# Best way to smooth wall over knockdown texture



## dforeid (Jan 14, 2007)

Have a small bathroom remodel job. Currently the walls and ceilings are all knockdown texture. Client wants to go with a 5 foot wainscotting and then smooth wall from the wainscotting up to the ceiling as well as smooth on the ceiling. My thought was to skim coat mud over the existing knockdown to accomplish this. What would you suggest, and what process/mud materials would be best?

Any and all suggestions very much appreciated.....

Don


----------



## Frankawitz (Jun 17, 2006)

Don 
The problem your going to have here is that the mud will not stick to a painted surface you should sand the ceiling and walls first then use Durabond 90 brown bag as your basecoat then use topping compound for your skimcoat then sand it out to a smooth finish.


----------



## dforeid (Jan 14, 2007)

Frankawitz said:


> Don
> The problem your going to have here is that the mud will not stick to a painted surface you should sand the ceiling and walls first then use Durabond 90 brown bag as your basecoat then use topping compound for your skimcoat then sand it out to a smooth finish.


Frank,

To what degree would you suggest I sand? Just enough to knock off some of the high spots, or completely sand smooth? Also, are you talking sanding screen or more on the lines of an orbital with say a 150 grit? Is there a primer I can/should use before the Durabond 90?

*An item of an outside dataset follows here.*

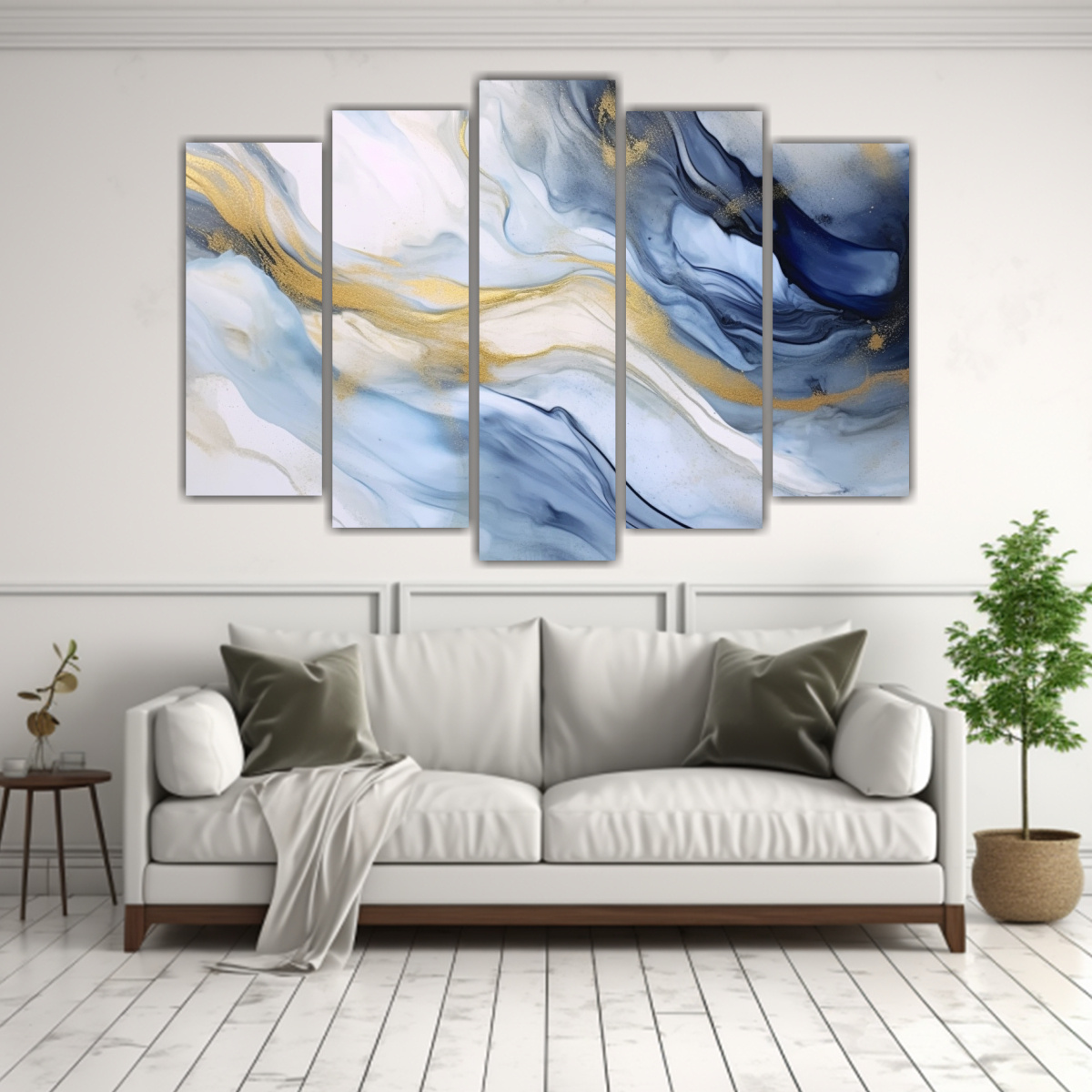 Pinturas Abstractas En Blanco Azul Oro: Cinco Cuadros Decorativos Vibrantes
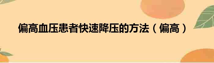 偏高血压患者快速降压的方法(偏高)

All help appreciated.... also, if there is an easier way to accomplish what I'm trying to do, I'm all ears! This sounds like it's gonna be a pita.


----------



## theworx (Dec 20, 2005)

Might be a stupid idea. But have you tried scraping the texture off. A spud bar would work quite well (flooring guys use them to scrape a floor). That way your floating would be less to deal with. Something to consider. It's still a lot of work for a small space... Hope you make out OK!!!


----------



## drywaller74 (Dec 18, 2005)

Don, 
Never had a problem with ez sand 90 sticking to paint, It wouldn't hurt to take some 80 grit on a pole and scuff it up. It may take 2 coats of 90 and then one coat of plus 3 or some other light weight. good luck
Robert


----------



## Frankawitz (Jun 17, 2006)

Don
I would use a palm sander with 80 grit sandpaper to scuff up the paint finish so that you get a bond to the surface. as for using ez sand it's like using ready mix in the busket both are soft, with Durabond in the brown bag it drys rock hard, but the main thing is the bond to a painted surface, the thing is that if it doesn't bond when you go to prime and paint it will bubble and peel. that's the problems I've seen. we talked about this before about mud not sticking to a painted surface. good luck


----------



## Dwallguy (Jan 1, 2007)

dforeid said:


> Have a small bathroom remodel job. Currently the walls and ceilings are all knockdown texture. Client wants to go with a 5 foot wainscotting and then smooth wall from the wainscotting up to the ceiling as well as smooth on the ceiling. My thought was to skim coat mud over the existing knockdown to accomplish this. What would you suggest, and what process/mud materials would be best?
> 
> Any and all suggestions very much appreciated.....
> 
> Don


 Can you cover it with 3/8 board ( Rerock it)


----------



## Norrrrrrrrrrrrm (Jan 20, 2007)

You can wet it with a spray bottle and use the spud bar thewox was talking about. It should scrape right off, then skim it.


----------



## Ohio Drywall (Aug 13, 2006)

Use easy sand durobond,but use 20 min or 45.Something that drys quicker.


----------



## Rich Wozny (Aug 18, 2005)

Knock off all that you can with an old 10 inch knife, then use easy sand and skim her out till shes smooth, sand ,prime and paint...


----------



## Frankawitz (Jun 17, 2006)

The thing with easy sand is it's just like using the ready mix joint compound out of the bucket it's to soft also when you go to paint you may end up with mud peeling off the walls good luck.


----------